Posted on 11/10/23 at 2:52 pm to
Posted by GWM
Member since Aug 2021
1565 posts
Posted on 11/10/23 at 2:52 pm to
Thank you for the information, and suggestions.
It's very much appreciated, and from everyone else as well
Posted by Martini
Near Athens
Member since Mar 2005
48887 posts
Posted on 11/11/23 at 12:13 am to
The King Arthur starter is a good one to use if you want to make from scratch or you can just order the starter from them already to go. Just start feeding. It’s cheap.

If you are in Baton Rouge I’ll give you some of mine.

If you want to bake sourdough buy one book. Tartine Bread by Chad Robertson. Learn his country bread recipe and practice until you get it right. Then you have a base sourdough recipe you can use for different breads. It’s easier to have one recipe that you can adapt rather than try to master a bunch of different ones that in the end can be made from your base.
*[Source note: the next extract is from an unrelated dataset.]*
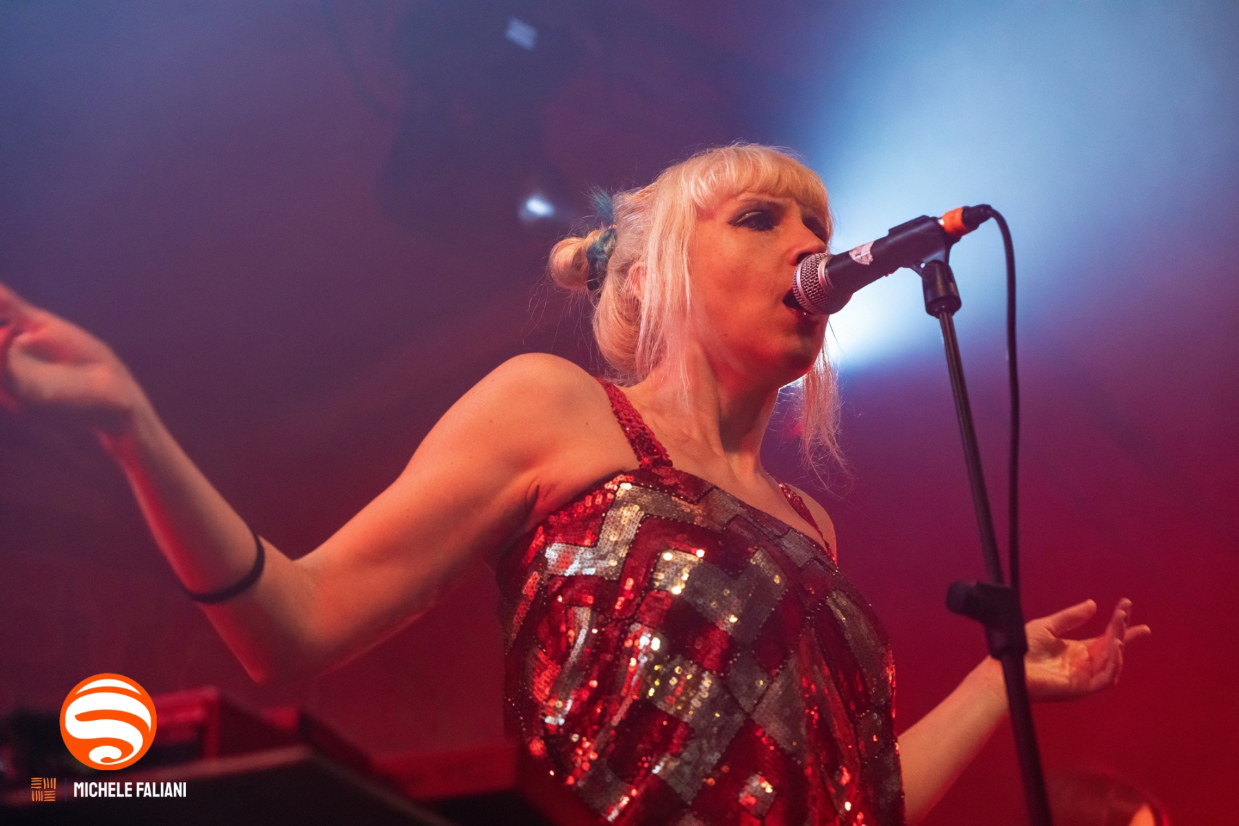 Nello spazio concerti il via è stato dato dall’esaltante darkwave dei Malati Immaginari, duo abruzzese che è stato finalista a Sanremo Rock nel 2022. A seguire il duo romano indietronic Mondocane, che hanno anticipato il set delle Cleopatras. Arrivate sul palco verso le 21,30 le bimbe fiorentine hanno eseguito un set energico e sanguigno, che ha coperto gran parte della loro produzione più che venticinquennale: dal manifesto “Vagina Strike” fino a “Maldido” il loro garage punk con influenze beat e surf ha scatenato il pubblico, a cui hanno anche regalato alcune cover trascinanti come “Rock and roll robot” di Alberto Camerini e “La grande onda” del Piotta.

You know how it acts and knowing that gives you confidence to bake. It’s a challenge and using levain is a different game but not one that is hard.

The biggest obstacle you will find-or at least for me, is timing. I bake a lot of bread and I still scramble to get it done when I want it. I’m getting much better but there was a few times the dough wasn’t waiting to proof overnight and I baked at midnight.

When you pull a loaf out of the oven your first thought is cut open and smear butter and eat. Eat the whole loaf standing at the counter with a stick of soft butter and hot bread.

I had to go to bread rehab to make me stop that. As much as your starter being healthy and ripe means to good bread allowing it to cool does as well. Especially on your first dozen loaves while you get the feel for it. 9 out of 10 cut without cooling is gummy. Think of it as resting a piece of meat. Let the carryover heat finish cooking it so the water gets out.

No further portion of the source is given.